平塚市議の個人情報持ち出し訴訟 市が和解受け入れを検討「主張が一定程度認められた」

平塚市役所

 平塚市議の渡部亮氏(42)が市職員時代に市民の個人情報を持ち出して市議選に利用したとして、市が約220万円の損害賠償を同氏に求めた訴訟を巡り、落合克宏市長は22日の定例会見で、横浜地裁小田原支部からの和解勧告を受け入れる方向で検討していることを明らかにした。

 落合市長は「本市の主張が一定程度認められた内容。年明けにはそういうことを踏まえて対応したい」と述べた。市はこれまで、渡部氏に満額の賠償と市民への説明を求める姿勢を示してきたが、落合市長は「裁判所の勧告を重く受け止めている。渡部氏には引き続き市民に対して説明責任を果たしていただきたいという姿勢は変わらない」とした。

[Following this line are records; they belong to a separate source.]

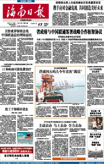 海南日报 头版 001 2009-06-171 2009年06月17日 星期三
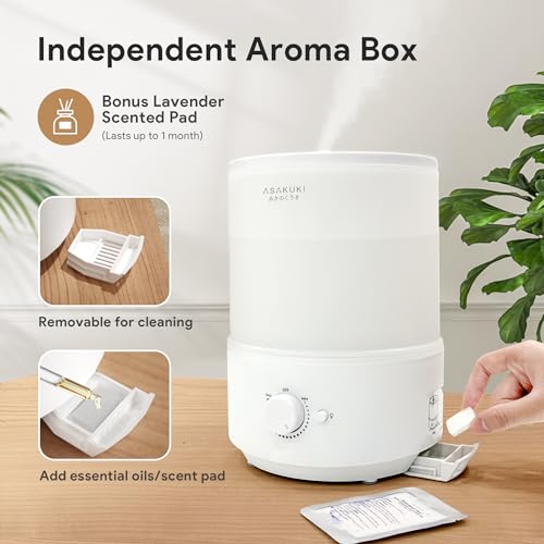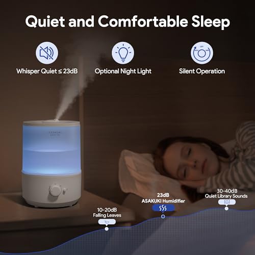 Adjust Your Mist Much Easier: Easily adjust the mist output of this room humidifier with a simple knob twist and a 360-degree rotatable nozzle. ASAKUKI cool mist humidifier helps you consistently balance and regulate the humidity in your home and breathe easier and healthier.
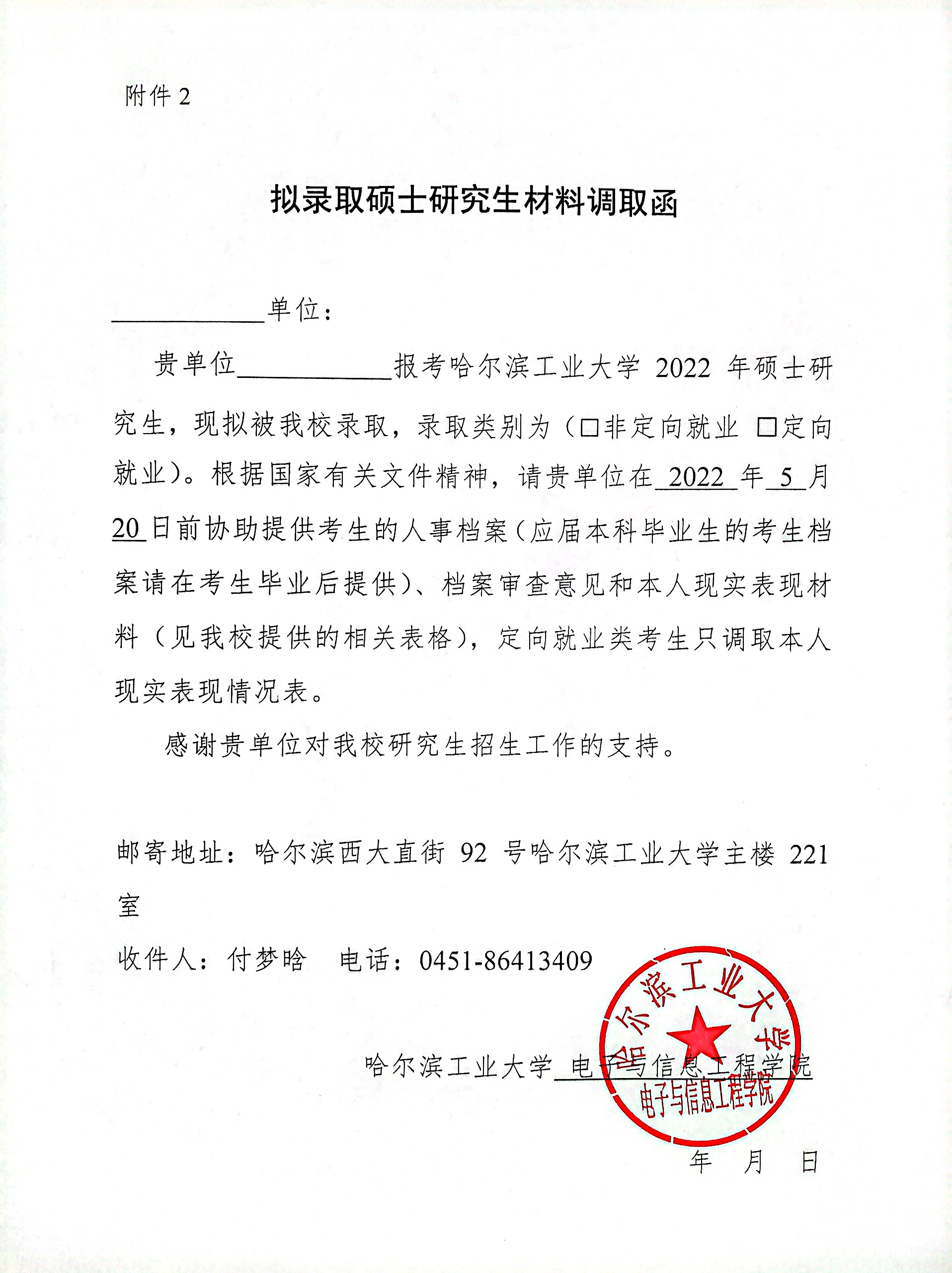 1、《拟录取硕士研究生材料调取函》(附件1)、《哈尔滨工业大学2022年拟录取硕士研究生现实表现情况表》(附件2)已作为附件上传,请同学们自行下载打印后使用。
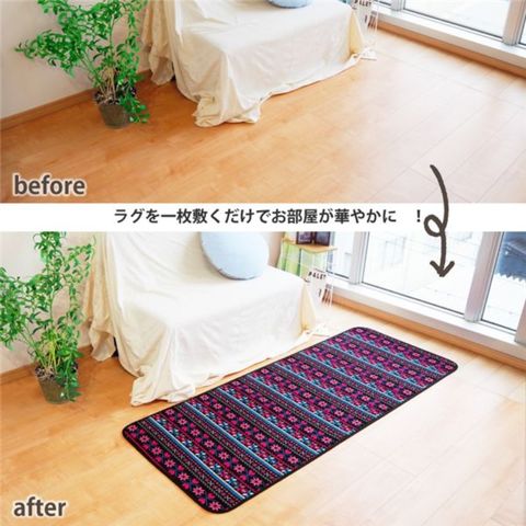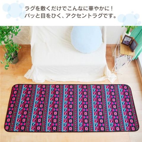 1畳サイズで場所を選ばない薄くて軽くてコンパクトなデザインラグです。懐かしさを感じさせるレトロな柄でラグを敷くだけでお部屋を華やかに見せます。スウェード調の短め毛足で髪の毛やゴミが絡まりにくいので、掃除もラクチン。オールシーズン使える万能ラグです。丸巻き梱包でお届けします。
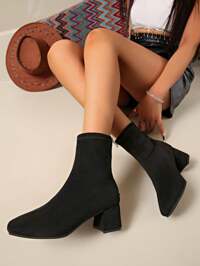 Women's Square Toe High Heel Ankle Boots, Back Zipper Design, New 2024 European And American Style Black High-Top Booties, Chunky Heel, Outdoor Women Hiking Boots, Suitable For Party, Banquet, And Evening Outings
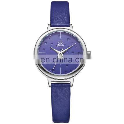 SHENGKE Simple Lady Watch Water Drop Images Dial Soft Leather Band Japanese Quartz Movement K8024L1. What's your MOQ? Can I mix styles and colors?A: Take our brand logo watches for wholesale is no MOQ limited , but if customized your logo (OEM ), the MOQ is :Alloy case watch 300pcs/style,can mix 2~3 colors ,stainless steel case watch 500pcs/per style .can mix 3~5 colors 2. Can we print our own logo?A: Yes,we can print your logo or design on the band, dial, buckle, back, case and other place, usually the color of the logo is one color.3.What about the warranty?A: 12 months movement warranty, and we are very confident with our products, and we will pack it very well, so usually you will receive your goods in good condition. But to avoid any subsequent trouble regarding quality issue, we suggest you check the watches once you receive them, and let us know if there is any damaged ones, so that we can deal with it accordingly.4.Do you offer Drop shipping (Blind shipping )?Yes , we offer Drop shipping/Blind shipping,we haven enough experience in drop shipping ,every day we have many watches to send out many countries for drop shipping.5. Do you do custom watch boxes?Yes, we do custom watch boxes. We can follow your requirement to make the boxes ,or you can select our boxes with your logo.6. What movement do you usually use in your watches?We usually use Japanese movement ,Swiss movement, and Chinese movement, for example Seiko,Citizen,Miyota,Ronda ,Kingstar we use most.7.What is your packaging?1.Not over 5 pcs order ,each watch will be put into a bubble bag then packaging well into a safe white bag(as below picture)2.Over 20 pcs order ,each watch will be put into a opp bag, then put into a bubble bag, after that all total put into a white box.(as below picture)For OEM/ ODM Products packaging:Normal packaging 1.Each piece will be put into a poly bag;2.20 pieces into a white box;3.10 white boxes into a 39*30*33cm carton; Special packaging: As per your request. Note: Only Normal packaging service is free.
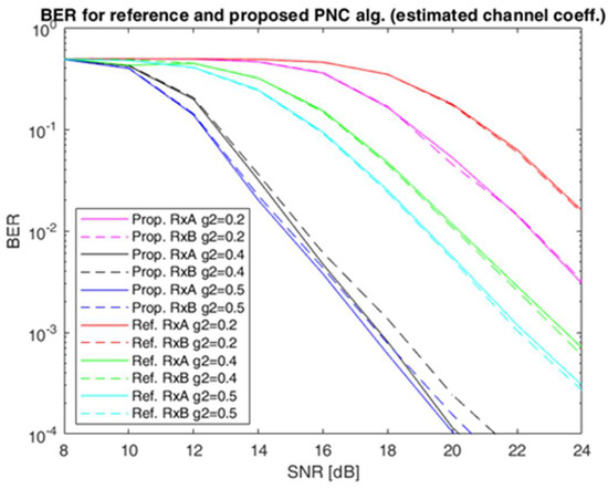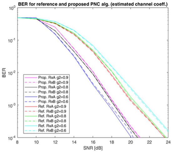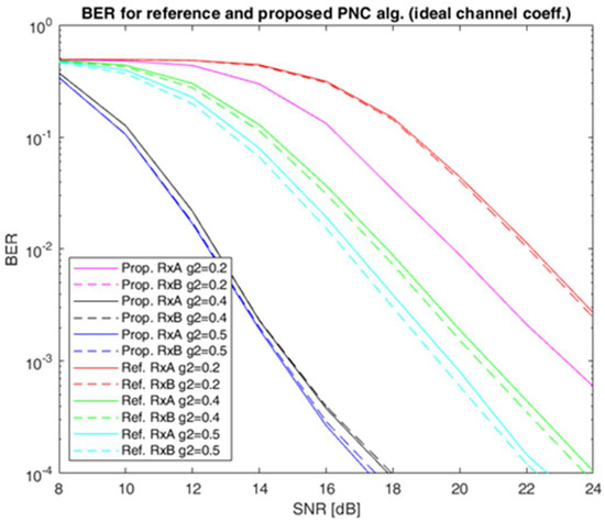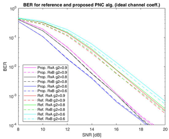 Similar conclusions can be drawn based on Figure 7, in which the plots for the values of g2 between 0.5 and 0.2 are drawn. The worst performance for both types of PNC algorithm occurs for however, the proposed PNC algorithm is about 2 dB better than the reference one. One can also notice that for , the difference in performance is much more significant and is equal to about 5.5 dB.

 市は昨年3月、個人情報が持ち出されたとされる市民宛てに市が送った「おわび状」約2万3千通の作成費や郵送料などに相当する約220万円の損害賠償を求めて同支部に提訴。今年5月までに3回、口頭弁論が開かれ、10月に同支部から和解勧告を受けた。市は、来年の市議会3月定例会で議会の承認を得たい考えだ。

 訴えによると、渡部氏は市スポーツ課職員だった2018年11月29日と退職翌日の同年12月22日、市役所や市の施設のパソコンから多数の市民の個人情報を不正に持ち出した、としている。